Après avoir échappé de peu à la mort, Nora, 40 ans, est animée par une brûlante urgence de se sentir en vie. Elle se jette à corps perdu dans deux relations amoureuses avec deux hommes que tout oppose, Tom et Max, reflets de ses propres aspirations contradictoires. Mais lorsque ni l’un ni l’autre ne parvient à combler son vide intérieur, Nora est contrainte d’affronter la vérité : elle devra faire face à la peur profonde qui alimente sa soif de vivre.
Titre
Espagne, 2026
D’Aina Clotet
Durée : 1h53
Sortie : 14/10/2026
Note : ![]()
T’ES MALADE OU QUOI ?
Viva s’ouvre sur un diagnostic qui n’a rien de joyeux : une possible rechute du cancer du sein de l’héroïne, Nora, alors que celle-ci a déjà subi une mastectomie partielle. Visiblement pas pressée de traverser cette épreuve une seconde fois, Nora jette à peine un regard à son docteur avant de prendre la poudre d’escampette, au propre comme au singulier. Nora n’en parlera pas à son conjoint, ni à ses amis, elle n’en parlera tout simplement à personne car il n’y a rien à raconter et que tout va bien, n’est ce pas ? Un tel déni n’a rien de drôle, et pourtant c’est bel et bien dans une comédie que nous plonge Viva.
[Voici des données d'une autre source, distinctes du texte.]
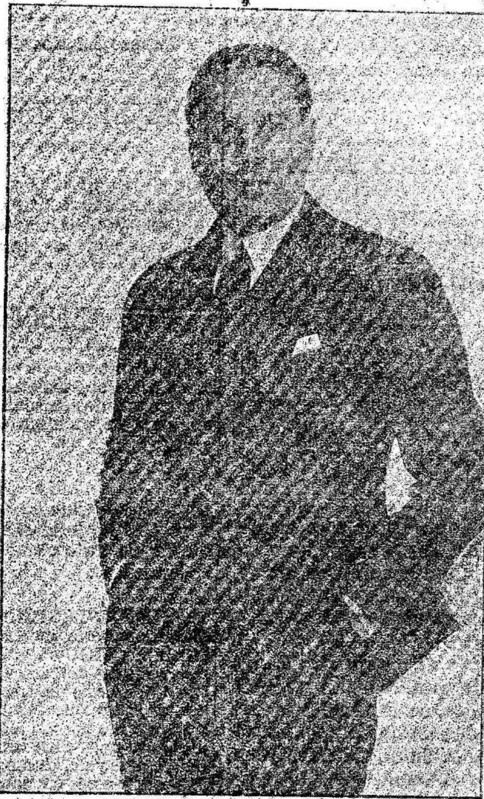
El ilustre Catedrático D. Luis Jiménez de Asúa

La venta de localidades Hoy estarán a la venta las lo-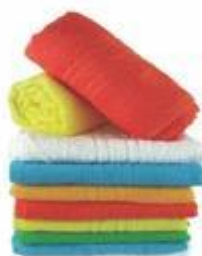
TOAL003 TOALLA SPRING TIME 140 CM x 70 CM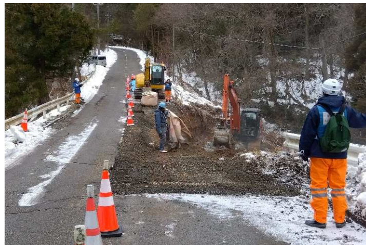
(能登町内での被災状況調査)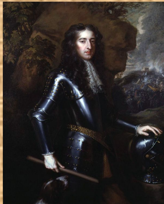
Вильгельм III Оранский

Aina Clotet, qui travaille en tant qu’actrice depuis la fin des années 90 et qui interprète ici le rôle principal, réalise son tout premier long métrage avec Viva. Elle dit avoir bâti son scénario sur ses inquiétudes les plus profondes et en effet le sujet est grave – Nora ne cache aucune de ses cicatrices, qu’elles soient physiques ou mentales. Cette attachante héroïne n’est pourtant pas du genre à s’en laisser compter. Sur le chantier de sa maison de campagne, elle est aussi bien capable d’abattre les murs que de trouver une source d’eau en plein désert, ou presque.
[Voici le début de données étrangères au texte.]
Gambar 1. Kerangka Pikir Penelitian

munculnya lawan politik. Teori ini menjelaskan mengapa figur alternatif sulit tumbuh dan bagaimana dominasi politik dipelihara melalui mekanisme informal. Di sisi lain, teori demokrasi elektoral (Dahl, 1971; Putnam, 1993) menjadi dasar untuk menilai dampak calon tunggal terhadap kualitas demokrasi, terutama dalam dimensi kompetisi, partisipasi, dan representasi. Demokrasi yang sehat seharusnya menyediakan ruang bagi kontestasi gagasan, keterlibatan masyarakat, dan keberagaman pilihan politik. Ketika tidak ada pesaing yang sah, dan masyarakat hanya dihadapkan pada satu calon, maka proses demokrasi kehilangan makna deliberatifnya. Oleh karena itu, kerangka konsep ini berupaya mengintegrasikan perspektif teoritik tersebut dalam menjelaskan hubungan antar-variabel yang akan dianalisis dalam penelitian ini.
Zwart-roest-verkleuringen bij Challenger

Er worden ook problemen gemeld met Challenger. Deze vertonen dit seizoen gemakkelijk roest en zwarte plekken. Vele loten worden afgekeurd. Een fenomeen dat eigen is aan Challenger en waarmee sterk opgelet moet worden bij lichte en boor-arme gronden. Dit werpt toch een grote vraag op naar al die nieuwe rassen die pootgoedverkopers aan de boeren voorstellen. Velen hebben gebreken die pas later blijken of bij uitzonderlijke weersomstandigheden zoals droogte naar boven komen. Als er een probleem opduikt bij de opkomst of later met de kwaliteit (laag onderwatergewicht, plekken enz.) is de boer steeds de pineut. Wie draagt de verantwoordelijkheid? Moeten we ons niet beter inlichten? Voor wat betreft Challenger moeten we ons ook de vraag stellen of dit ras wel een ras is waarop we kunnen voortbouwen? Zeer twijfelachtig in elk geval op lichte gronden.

Une telle formule pourrait laisser croire que Viva n’a d’autre ambition que d’offrir un « magnifique portrait de femme » comme le veut cette satanée formule pleine de clichés. Aina Clotet a heureusement plus d’humour que ça. Le chemin de Nora vers la liberté retrouvée va s’avérer plus dingo que prévu, à mesure que se réveille sa libido et qu’un gamin de 20 ans se met à lui envoyer des sextos. En toute honnêteté, le tour de piste que la réalisatrice nous offre à travers les situations cocasses ne cherche pas une originalité révolutionnaire. Viva provoque moins des éclats de rires choqués qu’un gros capital sympathie. Clotet sait néanmoins trouver le rythme nécessaire pour nous émouvoir de bien des manières avec cette héroïne désinvolte qui est tantôt l’instigatrice, tantôt le risible jouet du joyeux chaos sensuel qu’est sa vie.